▸ WHAT IS BEING ASKED
Each entry must appear in the answer exactly as written.
::: AVAILABLE DATA :::
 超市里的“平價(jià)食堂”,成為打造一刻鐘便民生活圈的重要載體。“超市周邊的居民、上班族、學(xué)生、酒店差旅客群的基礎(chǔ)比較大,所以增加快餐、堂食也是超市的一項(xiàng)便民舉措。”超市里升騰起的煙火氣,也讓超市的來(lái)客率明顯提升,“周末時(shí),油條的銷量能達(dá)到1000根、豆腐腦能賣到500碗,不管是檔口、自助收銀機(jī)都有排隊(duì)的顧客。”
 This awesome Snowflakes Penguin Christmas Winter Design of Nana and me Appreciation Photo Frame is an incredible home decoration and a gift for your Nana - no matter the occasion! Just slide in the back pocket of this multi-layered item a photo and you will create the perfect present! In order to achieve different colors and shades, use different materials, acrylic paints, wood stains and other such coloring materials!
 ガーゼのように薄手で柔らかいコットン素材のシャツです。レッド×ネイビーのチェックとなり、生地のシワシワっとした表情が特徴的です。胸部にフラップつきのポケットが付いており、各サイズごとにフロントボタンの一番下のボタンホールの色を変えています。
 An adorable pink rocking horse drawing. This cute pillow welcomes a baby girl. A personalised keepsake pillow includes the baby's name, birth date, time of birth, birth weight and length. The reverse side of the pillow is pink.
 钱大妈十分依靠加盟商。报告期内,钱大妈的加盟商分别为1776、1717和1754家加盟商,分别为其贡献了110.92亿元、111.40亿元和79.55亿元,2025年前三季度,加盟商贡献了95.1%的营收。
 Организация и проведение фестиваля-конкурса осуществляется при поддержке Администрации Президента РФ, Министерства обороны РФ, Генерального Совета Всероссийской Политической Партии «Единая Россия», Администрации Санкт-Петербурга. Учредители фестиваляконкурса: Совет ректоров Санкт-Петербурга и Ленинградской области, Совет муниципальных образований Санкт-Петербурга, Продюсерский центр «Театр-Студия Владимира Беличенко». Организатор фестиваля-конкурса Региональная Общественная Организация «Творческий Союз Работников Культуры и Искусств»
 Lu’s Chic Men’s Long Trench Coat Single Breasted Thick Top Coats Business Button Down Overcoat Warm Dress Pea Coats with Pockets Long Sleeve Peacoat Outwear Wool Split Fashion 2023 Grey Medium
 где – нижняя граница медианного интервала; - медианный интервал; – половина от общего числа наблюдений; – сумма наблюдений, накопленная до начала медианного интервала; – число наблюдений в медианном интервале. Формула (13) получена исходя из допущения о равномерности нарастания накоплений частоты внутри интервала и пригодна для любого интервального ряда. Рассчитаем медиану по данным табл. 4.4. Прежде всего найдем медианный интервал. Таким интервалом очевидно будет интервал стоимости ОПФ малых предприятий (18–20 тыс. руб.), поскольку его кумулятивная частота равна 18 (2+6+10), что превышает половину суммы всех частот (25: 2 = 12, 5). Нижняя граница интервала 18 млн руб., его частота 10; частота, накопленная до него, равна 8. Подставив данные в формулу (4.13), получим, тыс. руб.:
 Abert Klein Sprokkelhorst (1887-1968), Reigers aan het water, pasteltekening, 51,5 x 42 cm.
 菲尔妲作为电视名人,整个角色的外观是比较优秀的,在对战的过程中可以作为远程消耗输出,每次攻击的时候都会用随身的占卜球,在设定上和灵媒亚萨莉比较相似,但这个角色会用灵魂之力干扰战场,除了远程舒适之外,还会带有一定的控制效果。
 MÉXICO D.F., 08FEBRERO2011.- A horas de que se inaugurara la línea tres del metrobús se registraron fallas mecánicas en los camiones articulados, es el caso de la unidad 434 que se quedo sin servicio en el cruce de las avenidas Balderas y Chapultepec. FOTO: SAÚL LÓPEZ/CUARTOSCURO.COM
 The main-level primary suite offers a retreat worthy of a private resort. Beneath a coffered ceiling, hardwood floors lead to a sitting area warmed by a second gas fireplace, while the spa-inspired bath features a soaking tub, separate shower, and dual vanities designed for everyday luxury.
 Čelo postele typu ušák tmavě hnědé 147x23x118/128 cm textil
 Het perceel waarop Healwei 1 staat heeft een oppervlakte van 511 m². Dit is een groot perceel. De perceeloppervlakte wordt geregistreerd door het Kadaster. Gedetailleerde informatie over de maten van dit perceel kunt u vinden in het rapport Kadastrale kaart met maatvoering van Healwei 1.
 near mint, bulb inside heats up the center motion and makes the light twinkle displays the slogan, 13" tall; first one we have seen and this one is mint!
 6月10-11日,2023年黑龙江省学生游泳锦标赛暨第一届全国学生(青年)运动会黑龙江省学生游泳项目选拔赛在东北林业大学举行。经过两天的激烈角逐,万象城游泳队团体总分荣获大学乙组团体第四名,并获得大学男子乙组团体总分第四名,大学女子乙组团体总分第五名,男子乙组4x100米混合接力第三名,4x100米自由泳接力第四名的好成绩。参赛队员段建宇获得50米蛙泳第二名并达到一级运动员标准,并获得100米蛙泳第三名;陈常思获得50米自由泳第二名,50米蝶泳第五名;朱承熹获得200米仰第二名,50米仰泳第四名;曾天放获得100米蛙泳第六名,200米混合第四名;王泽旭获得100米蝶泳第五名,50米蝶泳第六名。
:::
▸ THE ANSWER
 超市里的“平價(jià)食堂”,成為打造一刻鐘便民生活圈的重要載體。“超市周邊的居民、上班族、學(xué)生、酒店差旅客群的基礎(chǔ)比較大,所以增加快餐、堂食也是超市的一項(xiàng)便民舉措。”超市里升騰起的煙火氣,也讓超市的來(lái)客率明顯提升,“周末時(shí),油條的銷量能達(dá)到1000根、豆腐腦能賣到500碗,不管是檔口、自助收銀機(jī)都有排隊(duì)的顧客。”
 This awesome Snowflakes Penguin Christmas Winter Design of Nana and me Appreciation Photo Frame is an incredible home decoration and a gift for your Nana - no matter the occasion! Just slide in the back pocket of this multi-layered item a photo and you will create the perfect present! In order to achieve different colors and shades, use different materials, acrylic paints, wood stains and other such coloring materials!
 ガーゼのように薄手で柔らかいコットン素材のシャツです。レッド×ネイビーのチェックとなり、生地のシワシワっとした表情が特徴的です。胸部にフラップつきのポケットが付いており、各サイズごとにフロントボタンの一番下のボタンホールの色を変えています。
 An adorable pink rocking horse drawing. This cute pillow welcomes a baby girl. A personalised keepsake pillow includes the baby's name, birth date, time of birth, birth weight and length. The reverse side of the pillow is pink.
 钱大妈十分依靠加盟商。报告期内,钱大妈的加盟商分别为1776、1717和1754家加盟商,分别为其贡献了110.92亿元、111.40亿元和79.55亿元,2025年前三季度,加盟商贡献了95.1%的营收。
 Организация и проведение фестиваля-конкурса осуществляется при поддержке Администрации Президента РФ, Министерства обороны РФ, Генерального Совета Всероссийской Политической Партии «Единая Россия», Администрации Санкт-Петербурга. Учредители фестиваляконкурса: Совет ректоров Санкт-Петербурга и Ленинградской области, Совет муниципальных образований Санкт-Петербурга, Продюсерский центр «Театр-Студия Владимира Беличенко». Организатор фестиваля-конкурса Региональная Общественная Организация «Творческий Союз Работников Культуры и Искусств»
 Lu’s Chic Men’s Long Trench Coat Single Breasted Thick Top Coats Business Button Down Overcoat Warm Dress Pea Coats with Pockets Long Sleeve Peacoat Outwear Wool Split Fashion 2023 Grey Medium
 где – нижняя граница медианного интервала; - медианный интервал; – половина от общего числа наблюдений; – сумма наблюдений, накопленная до начала медианного интервала; – число наблюдений в медианном интервале. Формула (13) получена исходя из допущения о равномерности нарастания накоплений частоты внутри интервала и пригодна для любого интервального ряда. Рассчитаем медиану по данным табл. 4.4. Прежде всего найдем медианный интервал. Таким интервалом очевидно будет интервал стоимости ОПФ малых предприятий (18–20 тыс. руб.), поскольку его кумулятивная частота равна 18 (2+6+10), что превышает половину суммы всех частот (25: 2 = 12, 5). Нижняя граница интервала 18 млн руб., его частота 10; частота, накопленная до него, равна 8. Подставив данные в формулу (4.13), получим, тыс. руб.:
 Abert Klein Sprokkelhorst (1887-1968), Reigers aan het water, pasteltekening, 51,5 x 42 cm.
 菲尔妲作为电视名人,整个角色的外观是比较优秀的,在对战的过程中可以作为远程消耗输出,每次攻击的时候都会用随身的占卜球,在设定上和灵媒亚萨莉比较相似,但这个角色会用灵魂之力干扰战场,除了远程舒适之外,还会带有一定的控制效果。
 MÉXICO D.F., 08FEBRERO2011.- A horas de que se inaugurara la línea tres del metrobús se registraron fallas mecánicas en los camiones articulados, es el caso de la unidad 434 que se quedo sin servicio en el cruce de las avenidas Balderas y Chapultepec. FOTO: SAÚL LÓPEZ/CUARTOSCURO.COM
 The main-level primary suite offers a retreat worthy of a private resort. Beneath a coffered ceiling, hardwood floors lead to a sitting area warmed by a second gas fireplace, while the spa-inspired bath features a soaking tub, separate shower, and dual vanities designed for everyday luxury.
 Čelo postele typu ušák tmavě hnědé 147x23x118/128 cm textil
 Het perceel waarop Healwei 1 staat heeft een oppervlakte van 511 m². Dit is een groot perceel. De perceeloppervlakte wordt geregistreerd door het Kadaster. Gedetailleerde informatie over de maten van dit perceel kunt u vinden in het rapport Kadastrale kaart met maatvoering van Healwei 1.
 near mint, bulb inside heats up the center motion and makes the light twinkle displays the slogan, 13" tall; first one we have seen and this one is mint!
 6月10-11日,2023年黑龙江省学生游泳锦标赛暨第一届全国学生(青年)运动会黑龙江省学生游泳项目选拔赛在东北林业大学举行。经过两天的激烈角逐,万象城游泳队团体总分荣获大学乙组团体第四名,并获得大学男子乙组团体总分第四名,大学女子乙组团体总分第五名,男子乙组4x100米混合接力第三名,4x100米自由泳接力第四名的好成绩。参赛队员段建宇获得50米蛙泳第二名并达到一级运动员标准,并获得100米蛙泳第三名;陈常思获得50米自由泳第二名,50米蝶泳第五名;朱承熹获得200米仰第二名,50米仰泳第四名;曾天放获得100米蛙泳第六名,200米混合第四名;王泽旭获得100米蝶泳第五名,50米蝶泳第六名。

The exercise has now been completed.